メイちゃん農場のはじまり

アレルギーに見たこども達の置かれた現状

食生活もこども達のアレルギーに影響

今から7年前の2012年、近くの方からヤギを1頭飼ったことが、「メイちゃん農場」のはじまりでした。

兼業農家として米を生産する環境で育っていた私は当時、学習塾を経営していました。日々の学習指導を通じてこども達と触れ合う中で、現代病とも言われるアレルギーを抱えて困っているこども達もたくさん見てきました。

食べ物や花粉症、アトピーまで色々ありますが、大人からこどもまで誰もが何かしらのアレルギーを持っていることが、当たり前になっているように感じます。

「どうしてこのようなことになってしまったのか」「何かこども達のためにしてあげられることはないか?」そう思って過ごす日々がありました。

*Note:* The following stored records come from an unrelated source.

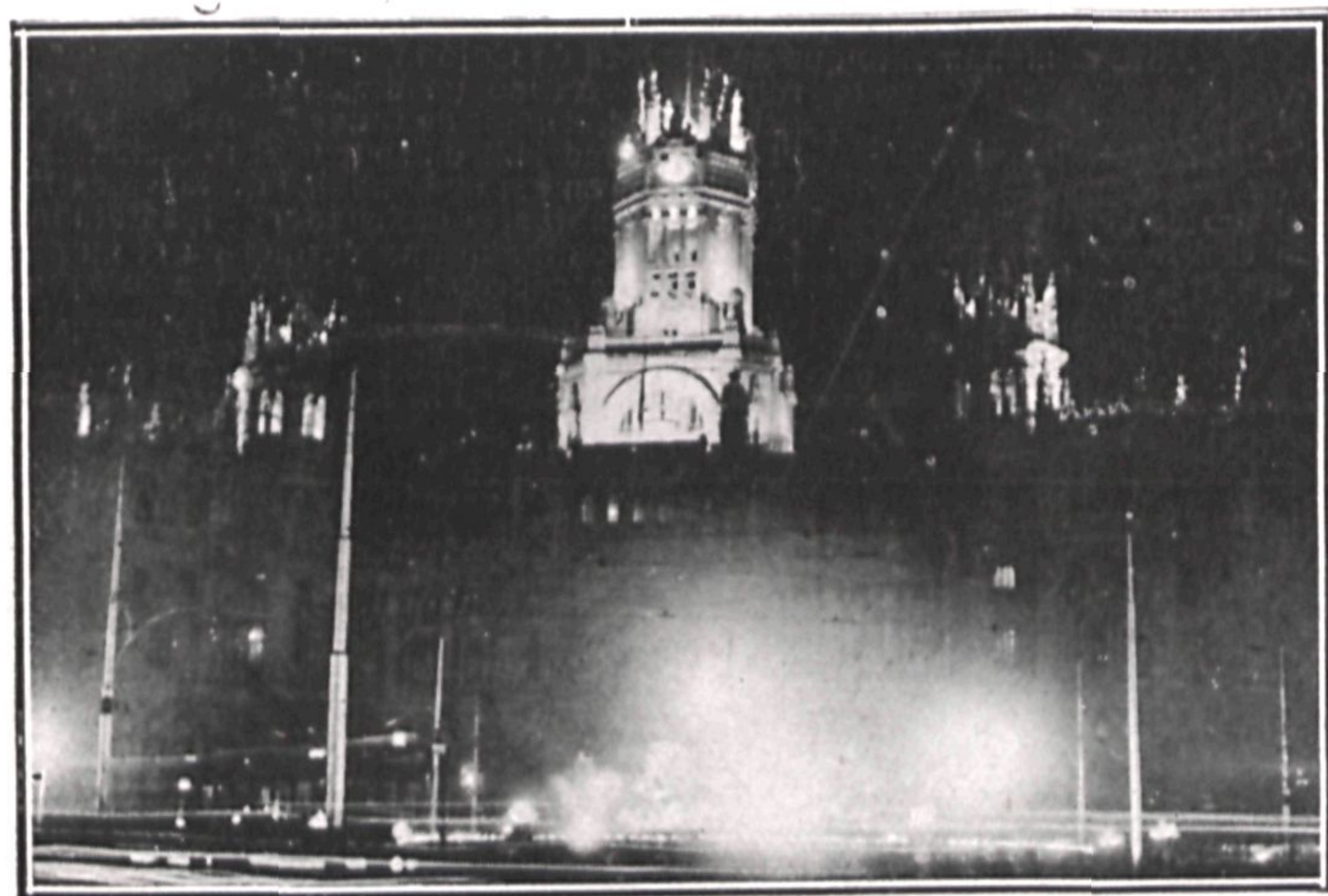
El Palacio de Comunicaciones, en la Cibeles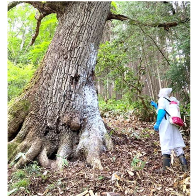
幹の白いところは薬剤が付着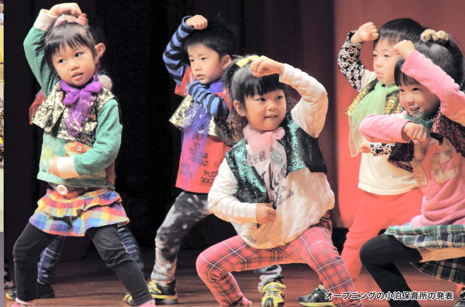
オープニングの小泊保育所の発表

また、作品展示コーナーでは、公民館教室の作品展示、保育所・幼稚園・小中学校の作品、一般募集作品、特産品展示が行われ、家族や友人たちの展示物を探すなど町民文化祭を楽しみました。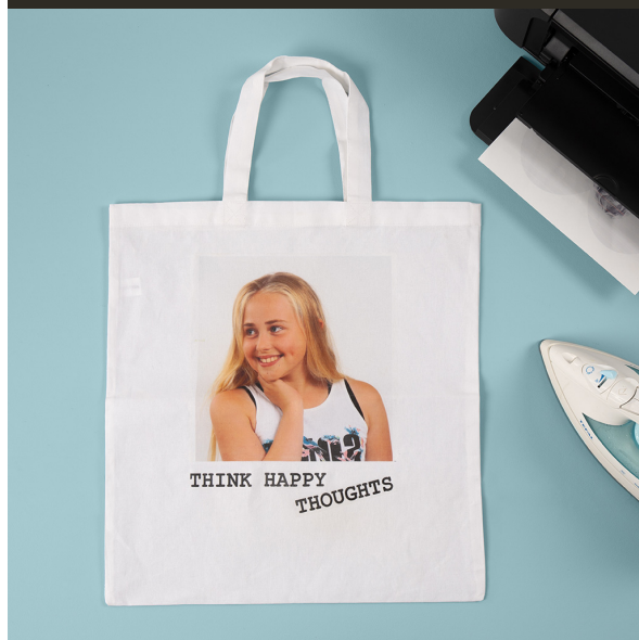
Foto overført til mulepose med transferark

Dekorer en stofpose med et foto printet på transferpapir. Transfermotivet holder på lyst bomuld. □ Stofposen tåler efterfølgende vask med vrangside ud ved 30° C. Vask posen separat første gang. □ Vil du bruge transferark på andre materialer, så lav en prøve først.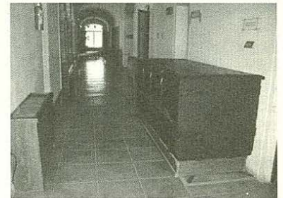
Baúl de madera en los pasillos del Museo de Sonora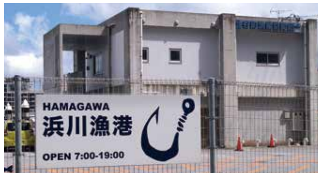
さらなる漁獲量を増やす取組みは

事業による優良漁具購入補助などを複合的に実施。今後は「獲る漁業」から「つくり育てる漁業」への転換、直販事業、水産加工業への参入推進を図るべく、北谷町漁業協同組合との協議を重ねながら、適宜調査検討。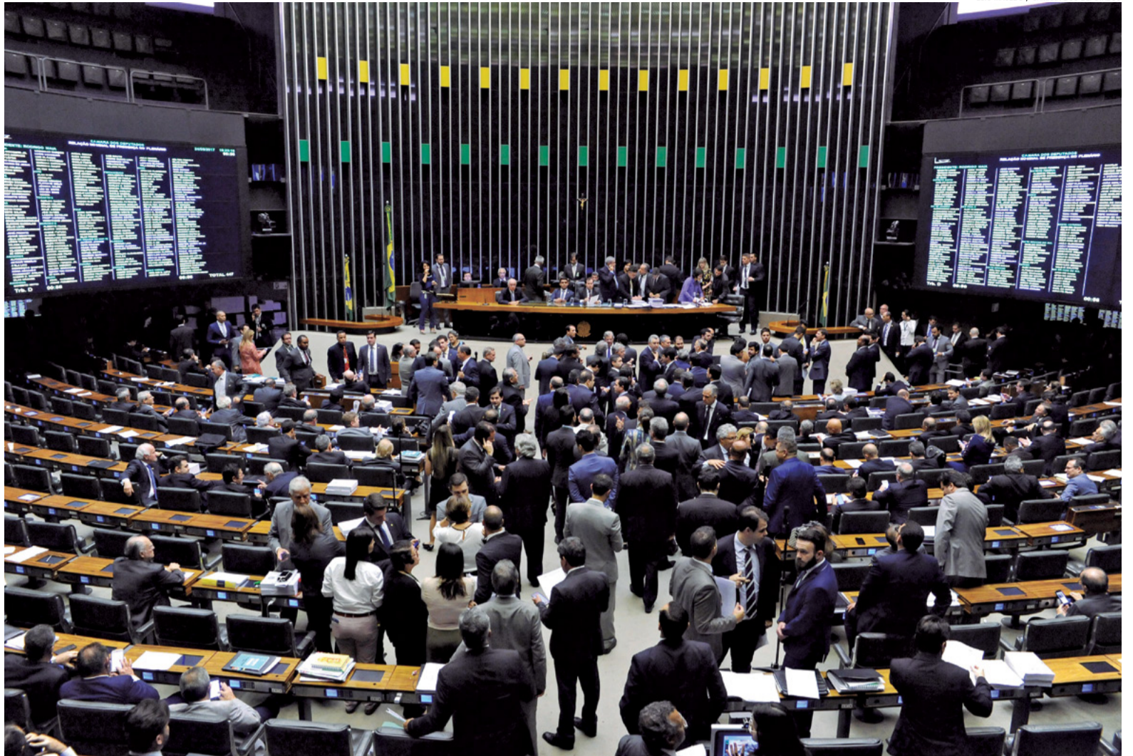
LUIS MACEDO / CÂMARA DOS DEPUTADOS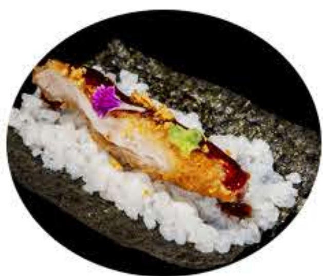
131.Pollo frito, pistacho y salsa anguila 5,50€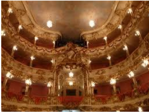
"Teatro de la Residencia de Munich". F. Cuvilliés, 1751 – 1753.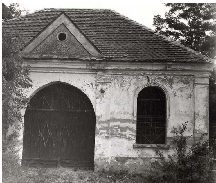
obřadní budova na hřbitově (foto kolem r. 1941)

1994: na místě budovy (a přilehlé jižní, nejstarší části hřbitova) je smetiště: skládka suchých věnců, květin a odpadu z komunálního hřbitova ●●Y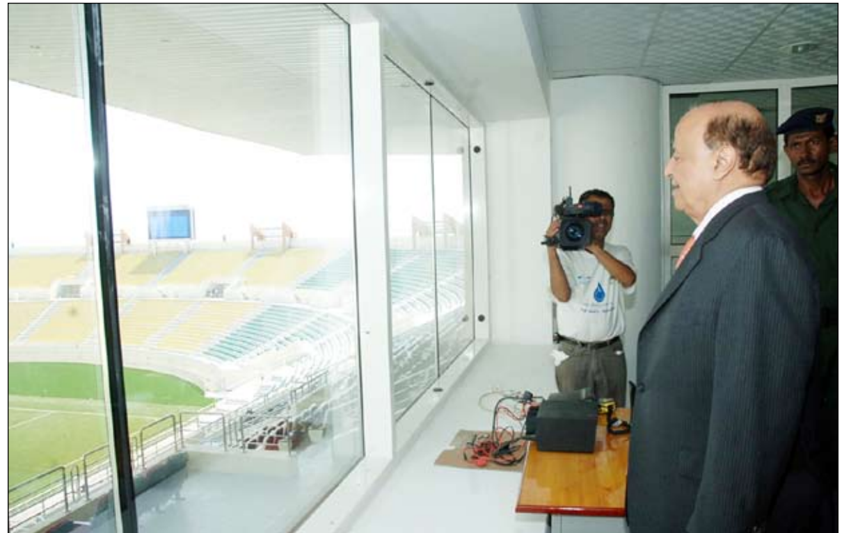
.. ويتفقد غرف الإعلام والتصوير في ملعب الوحدة بأبين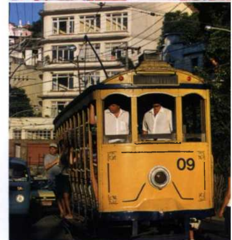
Schiffsverkehr auf dem Amazonas (oben). Die Folklore wird in Brasilien farbenfroh gelebt, hier in Parintins, Amazonas (Mitte). Die berühmte Straßenbahn zuckelte lange durch die Straßen von Santa Teresa in Rio (unten).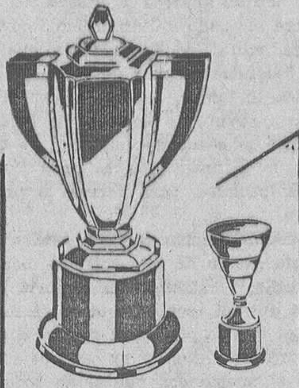
COPAS DE SPORT PLATA DE LEY JOYERIA PEDRO ALVAREZ OVIEDO TELFONO 2950

No sólo no hay noticias de que el Alcalde anterior haya suspendido una moción aprobada por sorpresa, sobre la asociación religiosa en los entierros, sino que, por el contrario, hecha la propuesta por el señor Martín, propuso la Alcaldía, y así aprobó la Corporación, que pasara a informe de la ponencia que formaban los síndicos, el secretario y el abogado consistorial, así como el asunto sobre secularización de cementerios.

昔は身近にあった牛、ヤギ、ニワトリなどの家畜が、現代では特別な存在となり、こども達が家畜と触れ合うこともなくなっています。「家畜をかっているところではこどものアレルギーが少ないらしい」そう聞いたこともあり、もしかしたら家畜と触れ合える場所を提供することで、こども達の健康的な心身の役に立てるかもしれない。これもこども達のためにひとつの教育として必要なことではないだろうか。

そう思ってヤギを1頭買ったことが、メイちゃん農場のはじまりでした。

 

広がる今津地区の空き家

空き家が増える鳥取県米子市今津地区

今津地区は200軒以上の世帯が暮らす集落です。

今津地区は国道沿いに近く、淀江漁港そばにあり以前はにぎやかな地域のひとつでした。しかしながら、今は徐々に空き家が増え、20年後30年後には地区内の半数近くが空き家となってしまうのではないかと懸念されるほどの状況です。

日本全体として少子高齢化が進む中、耕作放棄地も増え農業を営む方々も減りつつある、この現状に直面した時、自身のこども達が将来暮らしていける町として存続していけるだろうかと考えました。

これからも「こども達が元気に、夢を持って暮らしていける地区にしたい」「今、農業をしている方々が、もう少し農業をつづけたいと思ってくれるような地区にしたい」「今津地区で新たに就農したいという人を受け入れる地区にしたい」そんな、さまざまな人たちが“縁する地区”として発展していくきっかけとして、メイちゃん農場を使ってもらいたい。その想いこそが私がメイちゃん農場を始めた原点です。

ここから始まった7年の物語は今、手搾乳のヤギチーズの製造と販売を始め、新しいスタートを迎えています。